23 MARCH 1918, Page 4


THE SANCTITY OF INTERNATIONAL CONTRACTS. THE debate in the House of Lords on a League of Nations, though it was deeply interesting, as such a debate could not fail to be, did not, in our opinion, set the feet of the nation on the path that leads to the promised land. It is good and right for a nation to have a vision before it, for we all know that without the vision a nation perishes. But those who most ardently advocated the creation of a League of Nations assumed far too much of human nature. Their arguments necessarily took it for granted that somehow or other—in a manner that was not, and could not be, explained—good faith would in future tend to take the place of bad • faith, that intrigue would cease to have its fatal attractions for human beings, and that problems which have long been known to be supremely difficult would become simple and direct. Nothing would please us better than to share these assumptions, but unhappily history forbids us to do so. It would be tedious to repeat the examination we have made more than once of the workings of the Holy Alliance, that great League to Enforce Peace upon the world, which came into being at the end of the French Wars. Enough to say that Alexander I. of Russia in his fascinating idealism equipped his scheme with all the phrases about brotherhood, justice, religion, and duty towards God and man that might have been expected to appeal to the best that is in humanity. In the event, as every reader of history knows, the League which was to save the world from the horrors of war, and from the exercise of tyranny by the strong over the weak, became one of the most hideous instru- ments of cynicism and oppression the world has ever known. Had it not been for the steadiness and wisdom of Castlereagh, the help of Canning, the loyal common-sense of Wellington, and the correct feelings of the Whigs, liberalism would have been banished from the face of Europe. Great Britain, with the co-operation of the United States, saved the world. The lesson is that intentions, no matter how good in them- selves, will not achieve their purpose if the task set be far too difficult.

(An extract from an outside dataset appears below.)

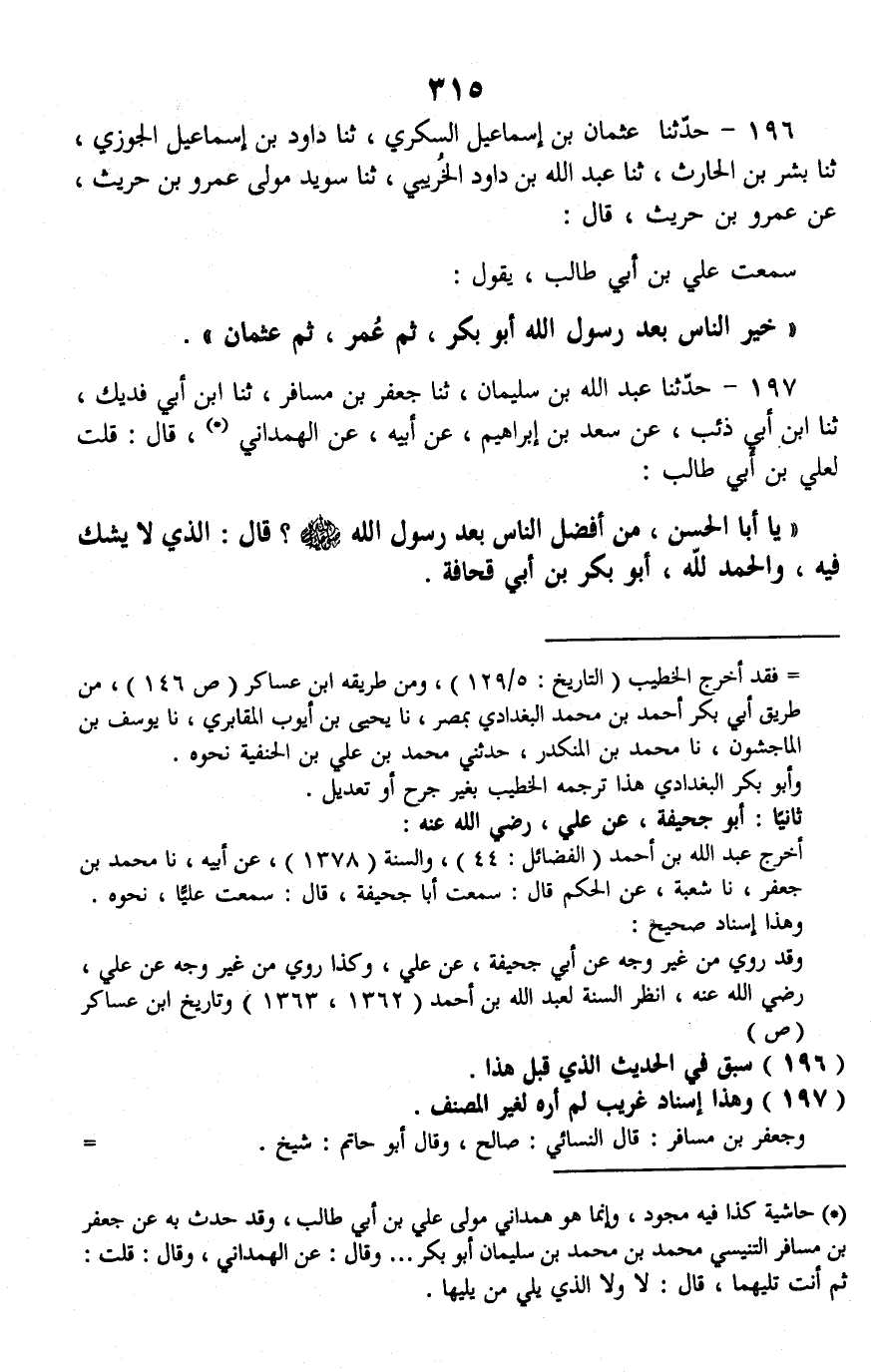 197 - حَدَّثَنَا عَبْدُ اللَّهِ بْنُ سُلَيْمَانَ، ثنا جَعْفَرُ بْنُ مُسَافِرٍ، ثنا ابْنُ أَبِي فُدَيْكٍ، ثنا ابْنُ أَبِي ذِئْبٍ، عَنْ سَعْدِ بْنِ إِبْرَاهِيمَ، عَنْ أَبِيهِ، عَنِ الْهَمْدَانِيِّ، قَالَ: قُلْتُ لِعَلِيِّ بْنِ أَبِي طَالِبٍ: يَا أَبَا الْحَسَنِ، §مَنْ أَفْضَلُ النَّاسِ بَعْدَ رَسُولِ اللَّهِ صَلَّى اللهُ عَلَيْهِ وَسَلَّمَ؟ قَالَ: «الَّذِي لَا يُشَكُّ فِيهِ، وَالْحَمْدُ لِلَّهِ، أَبُو بَكْرِ بْنُ أَبِي قُحَافَةَ» -[316]-. قَالَ: قُلْتُ: ثُمَّ مَنْ يَا أَبَا الْحَسَنِ؟ قَالَ: «الَّذِي لَا يُشَكُّ فِيهِ، وَالْحَمْدُ لِلَّهِ، عُمَرُ بْنُ الْخَطَّابِ»

It may be objected that the world is in a very different condition from that of the years which followed the Napoleonic Wars ; that the sense of justice has grown in all nations ; that enlightenment has come to dark places ; and that, partly owing to moral causes and partly to physical causes helped by the advance of science, the social structure of the civilized world is a much more compact and serviceable thing than it was a hundred years ago. It may be asked, in short, why one failure should be made the excuse for not trying again. If that question represented all the arguments against the creation of a highly complicated League of Nations, we should admit that it was unanswerable. But the fact remains that it is always wiser to follow a straight path than a winding and intricate one, always wiser to adopt a simple policy rather than a very elaborate one. It is not, we ask our readers to believe, because we are indifferent to peace or insensible to the absolutely appalling horrors of modern war, that we regard with mistrust the complicated machinery for a League of Nations which is being commonly discussed now. We will meet question by question. Why not try something simpler, something more demonstrably likely to lead to the result which we all desire ? We believe that a simple means may be found in an agreement among the nations to exalt into a creed and a working system the idea of the sanctity of inter- national contracts.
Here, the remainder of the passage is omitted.